Work instruction - The required answer is the run of lines from the one holding "在望A412会议室举行新教师" to the end of the data below, copied exactly and free of pictures.

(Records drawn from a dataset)
::::::::
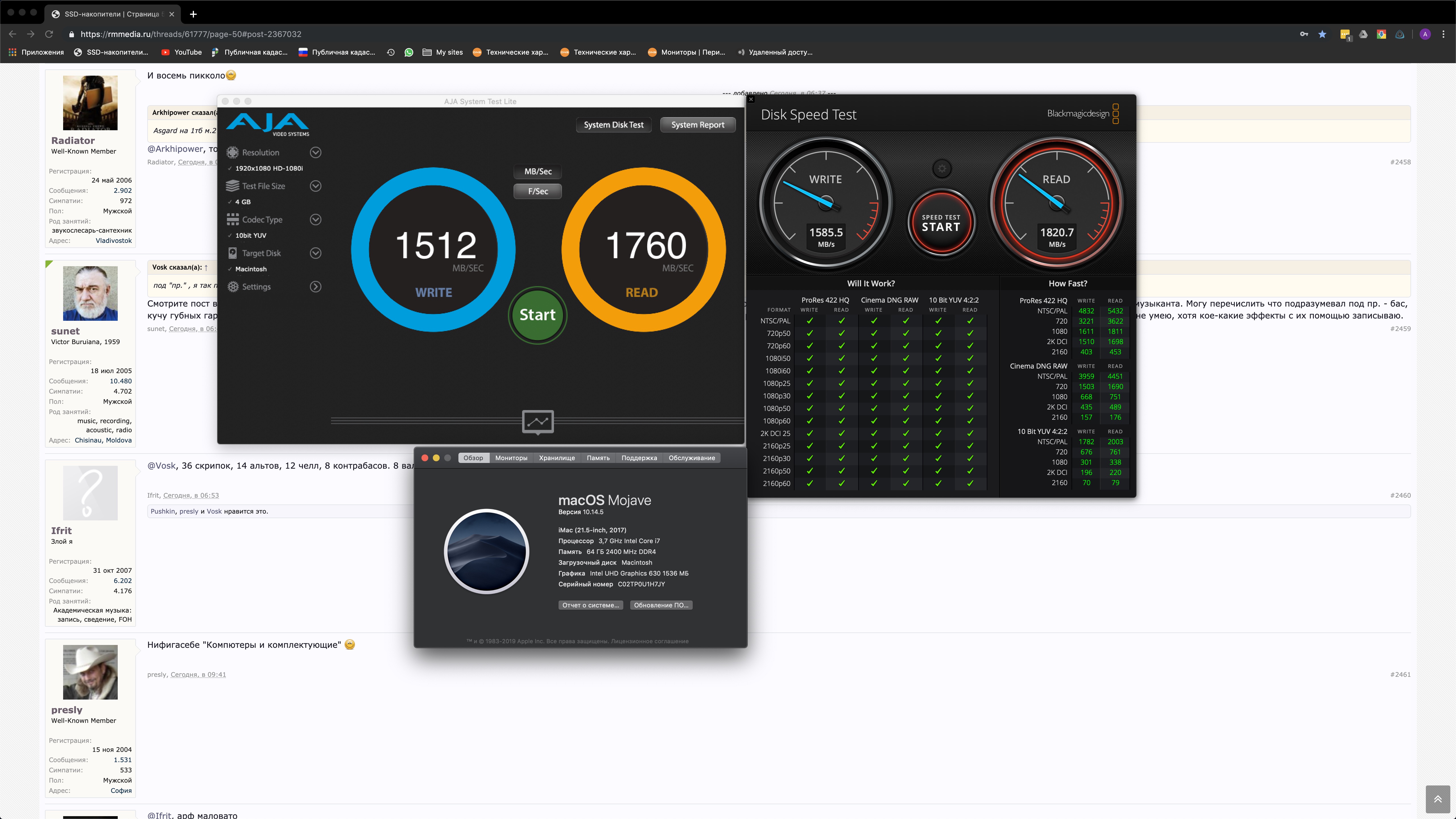 @basЫl, сод стоит в хакинтоше, утилит в маке для измерения скорости кроме той которая выше не помню, если скопировать файлы 5гб и больше скорость показывает примерно типа "5 секунд". Ссд новый, контроллер понятия не имею какой (z370m_d3h http://www.gigabyte.ru/products/page/mb/z370m_d3hrev_10#kf ), на материнке два М.2 температура 35. Получается нет методы для проверки...
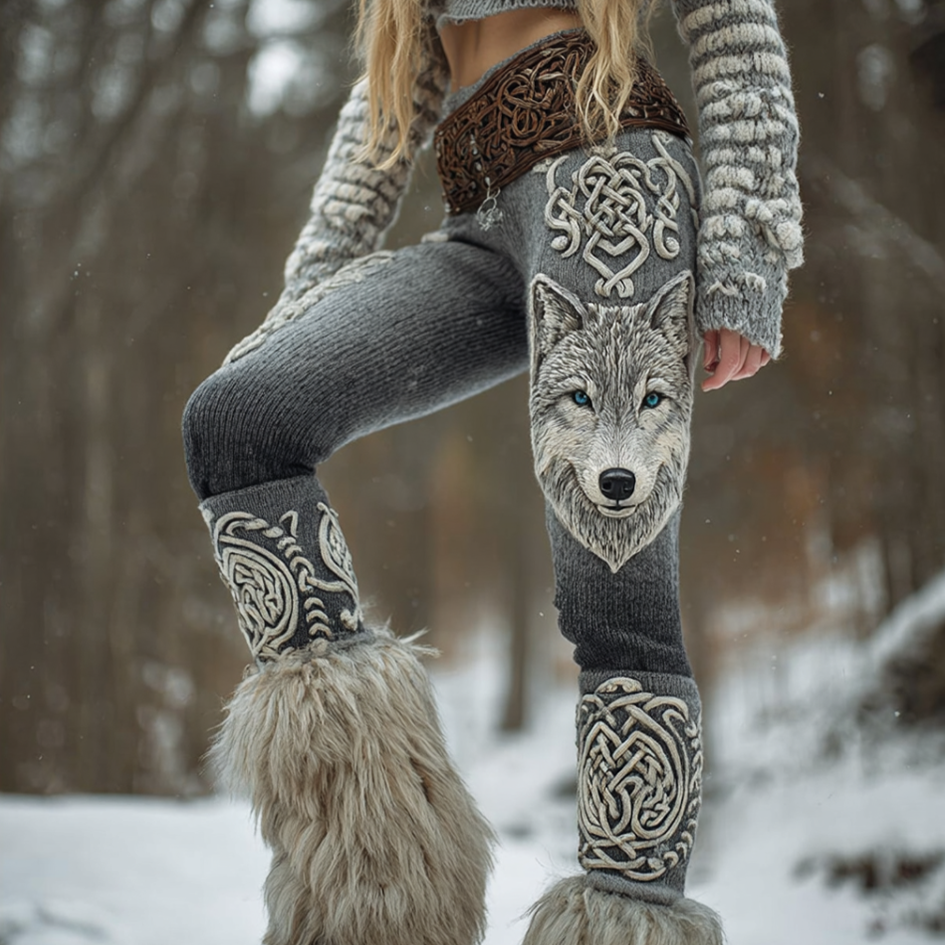 Snow Wolf Retro Viking Style Celtic Knot Women's Knitted Leggings
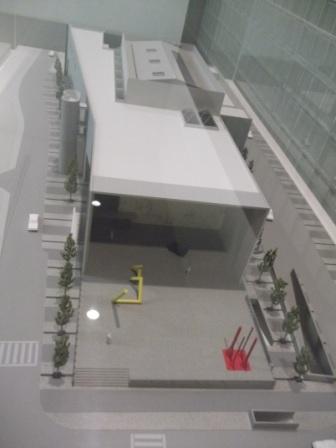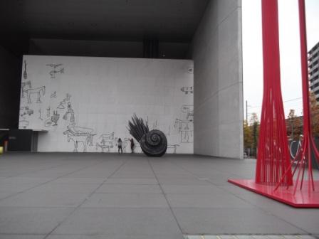 猪熊弦一郎美術館の入り口には巨大なオブジェ と壁一面に大理石の壁画が描かれています。
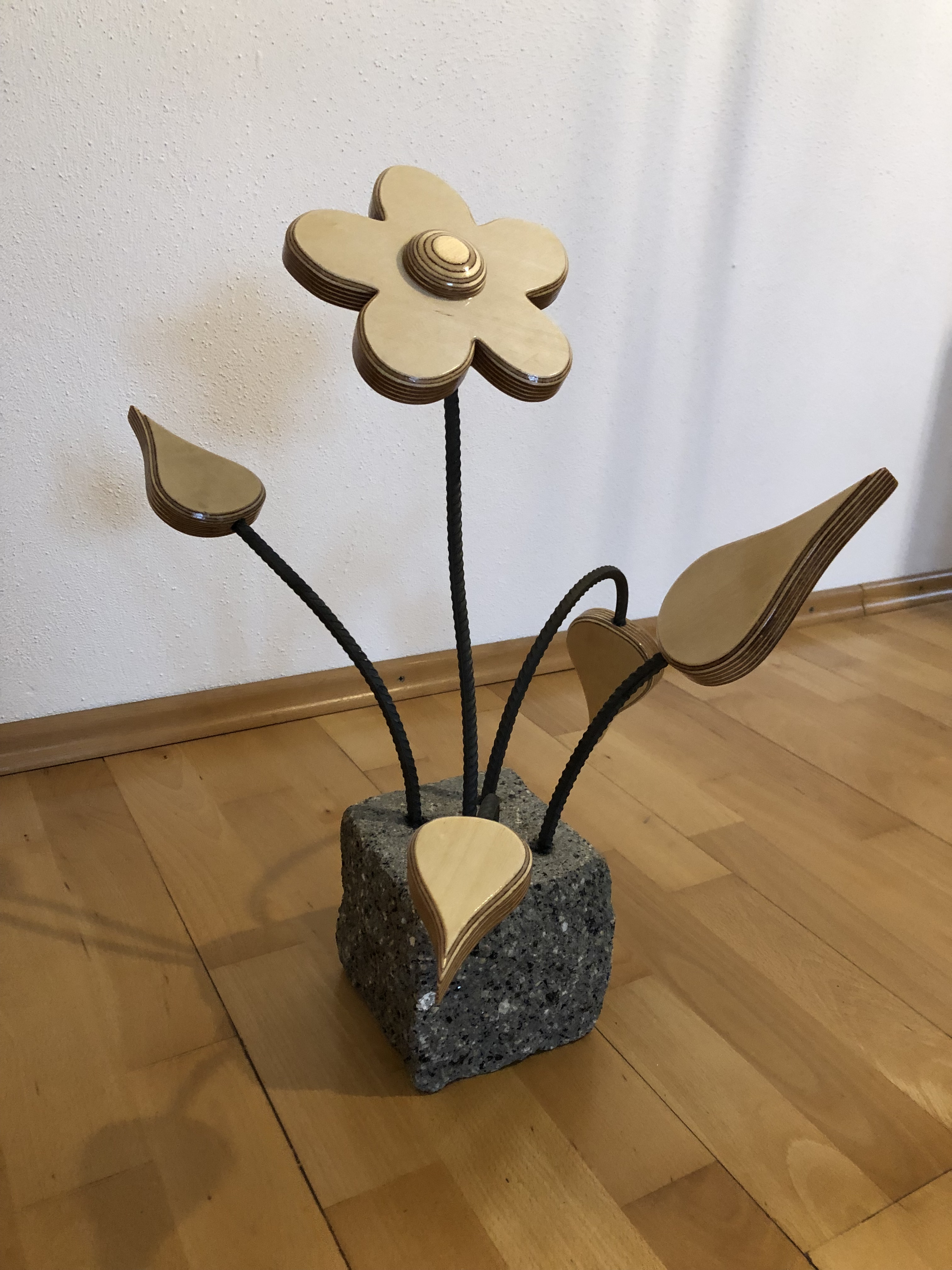 Für den Sockel der Blume wurde ein Stein mit 5 Bohrungen versehen, in die jeweils ein Stück Baustahl eingeklebt wurde.
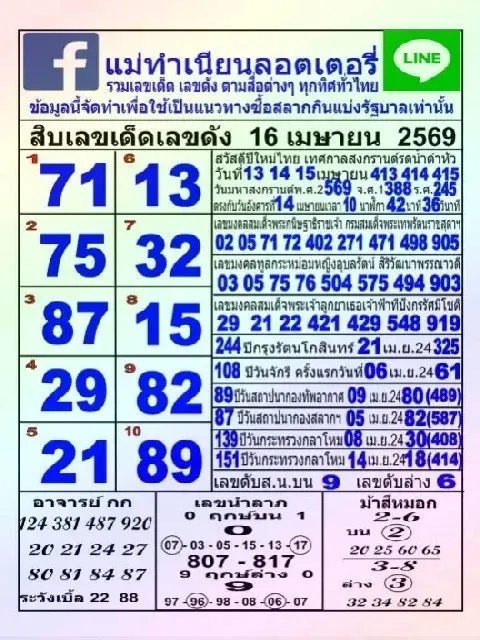 ส่องเลขเด็ด!! มัดรวม 10อันดับ เลขเด็ดขายดีงวดวันที่ 16 เมษายน 2569
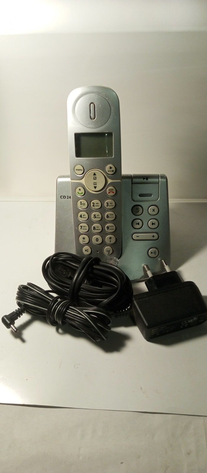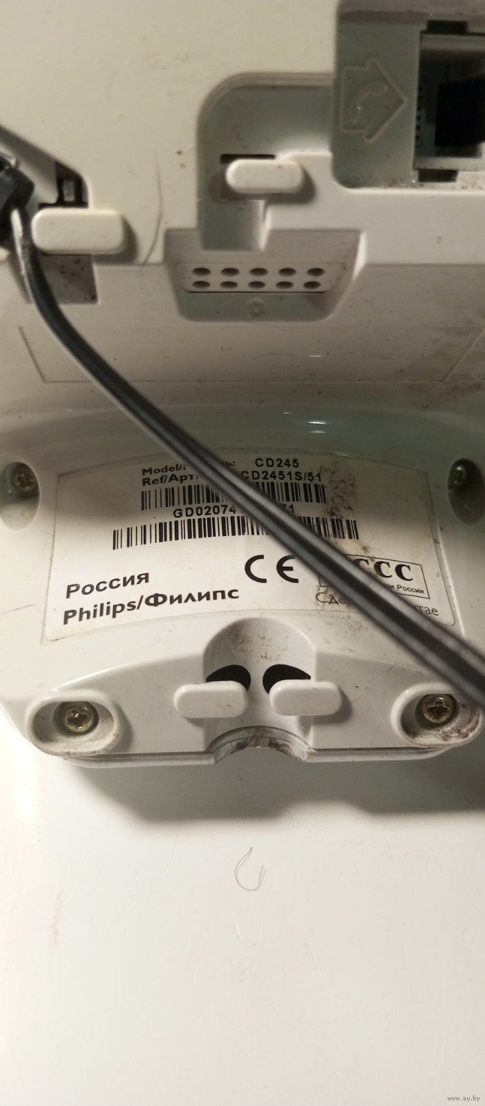 Комплект без аккумуляторов. Трубка проверена на батарейках, экран загорается, но информацию не выдает, кнопки нажимаются. Базу проверить нет возможности. нет телефонной линии. База трубку ищет, трубка отзывается. Продается по цене неисправного на запчасти.
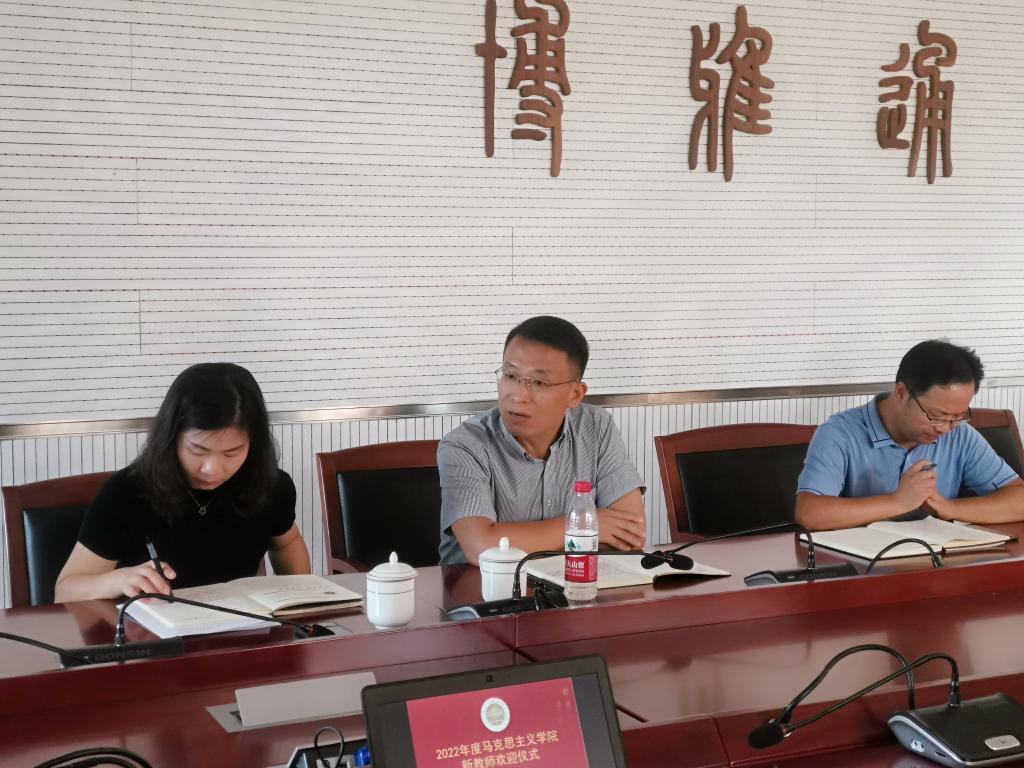在望A412会议室举行新教师入职欢迎仪式。党委委员、宣传部部长、马院院长毛振华、党总支书记田俊杰、副院长方浩及全体教师参加了本次仪式。
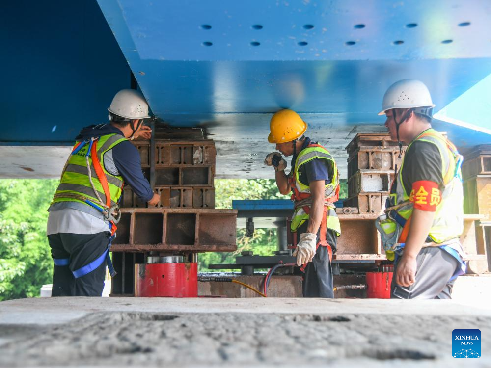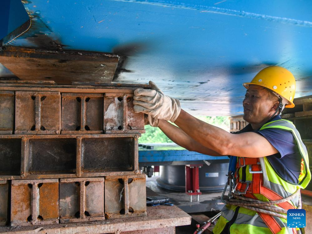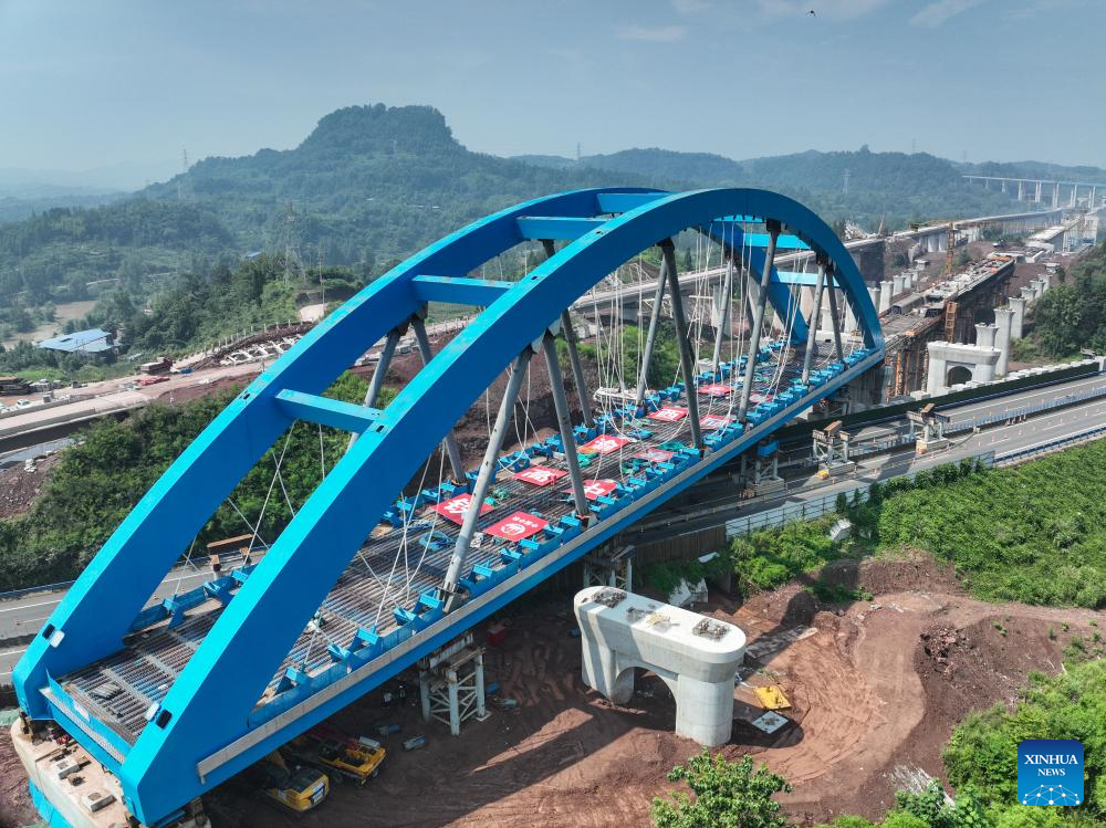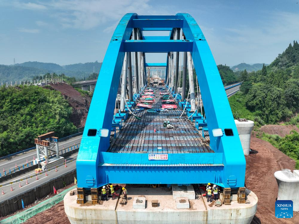 Instalado vão central de ponte da ferrovia de alta velocidade Xi'an-Chongqing em Dazhou, na Província de Sichuan-Xinhua
::::::::
Completed task -
在望A412会议室举行新教师入职欢迎仪式。党委委员、宣传部部长、马院院长毛振华、党总支书记田俊杰、副院长方浩及全体教师参加了本次仪式。
 Instalado vão central de ponte da ferrovia de alta velocidade Xi'an-Chongqing em Dazhou, na Província de Sichuan-Xinhua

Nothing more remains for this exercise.